START Records to use

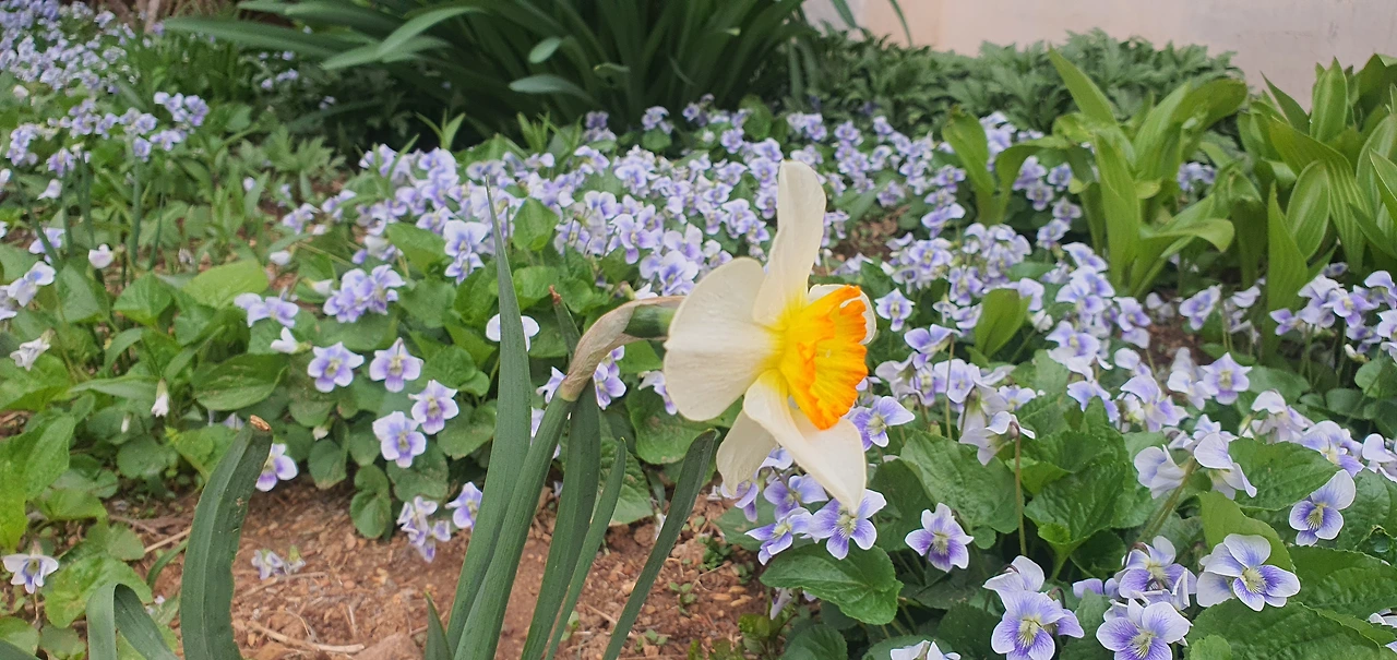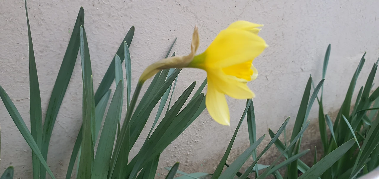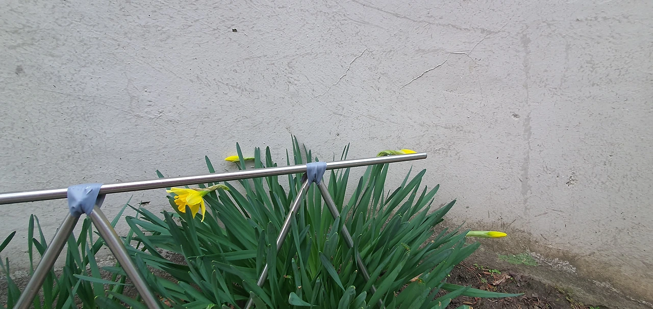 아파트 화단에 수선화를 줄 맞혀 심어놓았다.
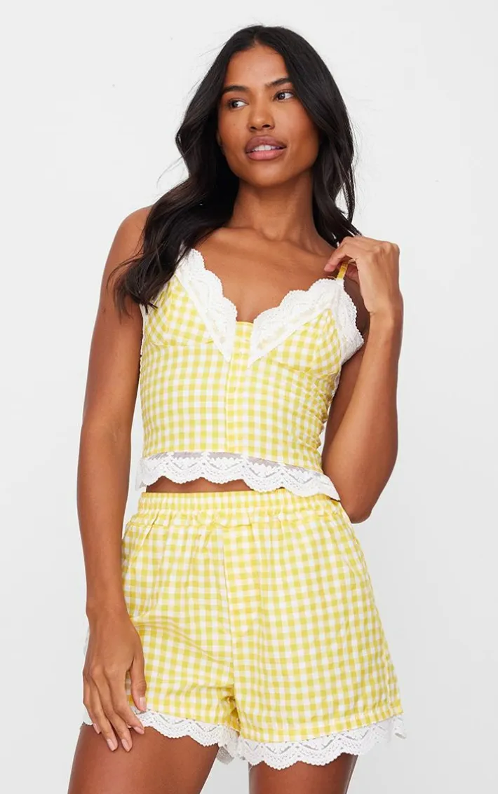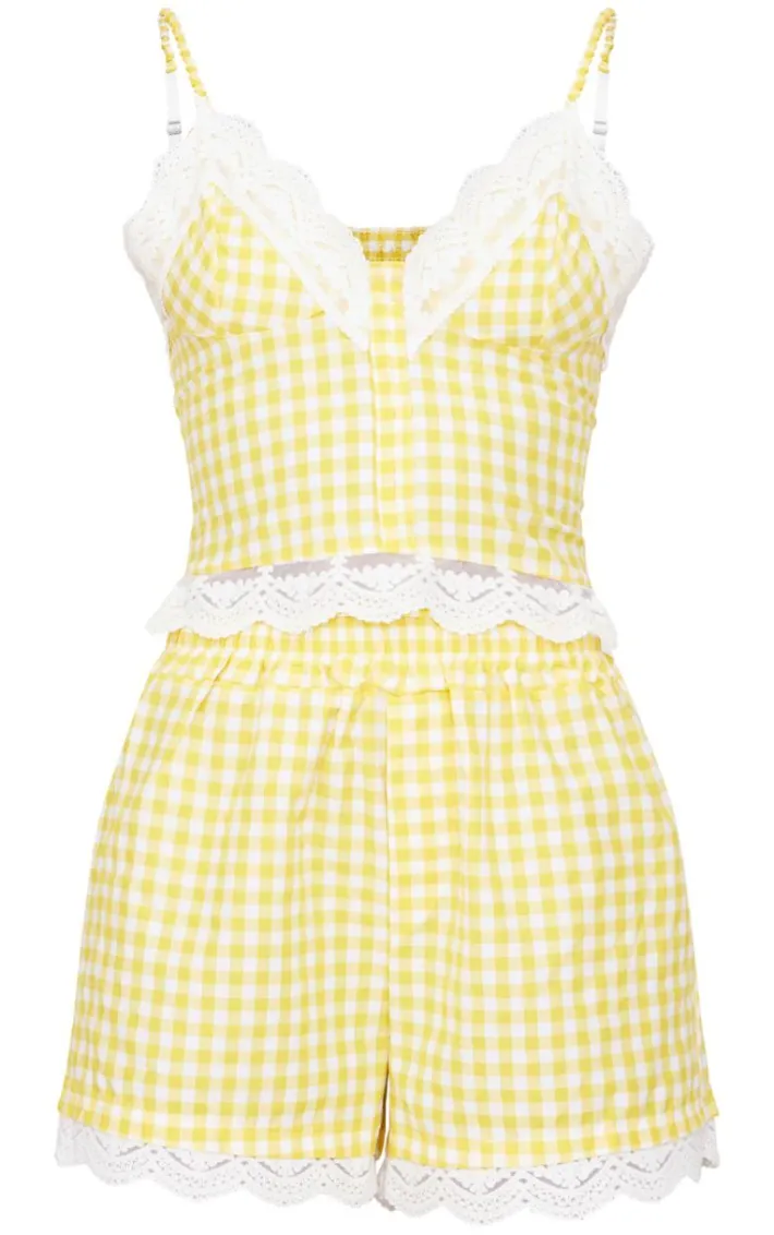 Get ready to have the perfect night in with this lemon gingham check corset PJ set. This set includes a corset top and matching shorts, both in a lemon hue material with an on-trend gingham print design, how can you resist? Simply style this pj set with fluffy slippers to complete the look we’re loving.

END Records to use
START Records to use

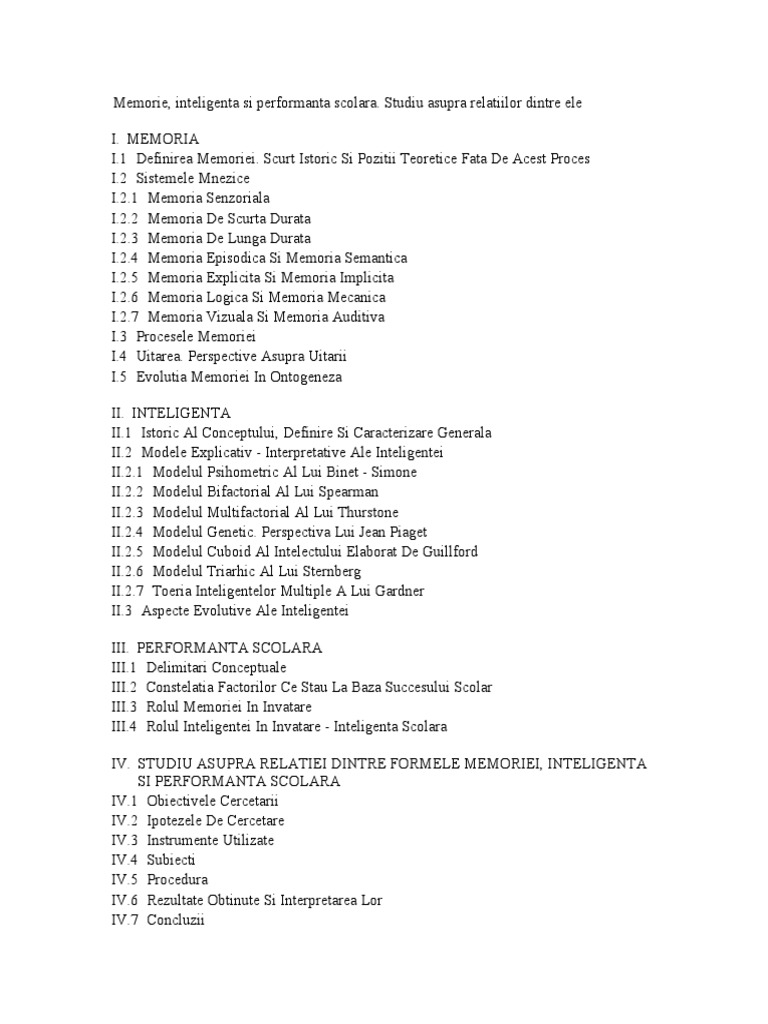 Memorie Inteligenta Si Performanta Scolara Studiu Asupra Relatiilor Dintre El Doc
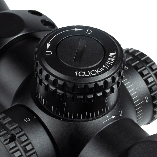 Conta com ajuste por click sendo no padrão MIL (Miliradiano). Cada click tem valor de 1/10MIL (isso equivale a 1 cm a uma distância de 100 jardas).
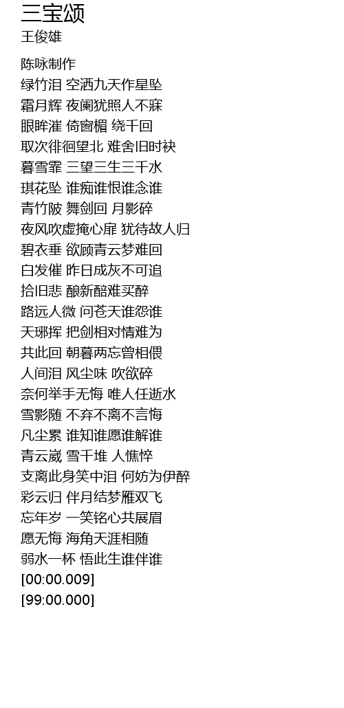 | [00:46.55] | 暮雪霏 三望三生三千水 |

END Records to use
START Records to use

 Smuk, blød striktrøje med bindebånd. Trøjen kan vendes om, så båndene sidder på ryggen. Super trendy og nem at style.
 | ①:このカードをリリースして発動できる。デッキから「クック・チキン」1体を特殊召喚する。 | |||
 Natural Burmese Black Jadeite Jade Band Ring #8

END Records to use

## Your task
Using the records above, write out exactly the lines between the one holding "Smuk, blød striktrøje" and the one holding "Natural Burmese Black", inclusive; leave everything else out.

## Exercise solution
 Smuk, blød striktrøje med bindebånd. Trøjen kan vendes om, så båndene sidder på ryggen. Super trendy og nem at style.
 | ①:このカードをリリースして発動できる。デッキから「クック・チキン」1体を特殊召喚する。 | |||
 Natural Burmese Black Jadeite Jade Band Ring #8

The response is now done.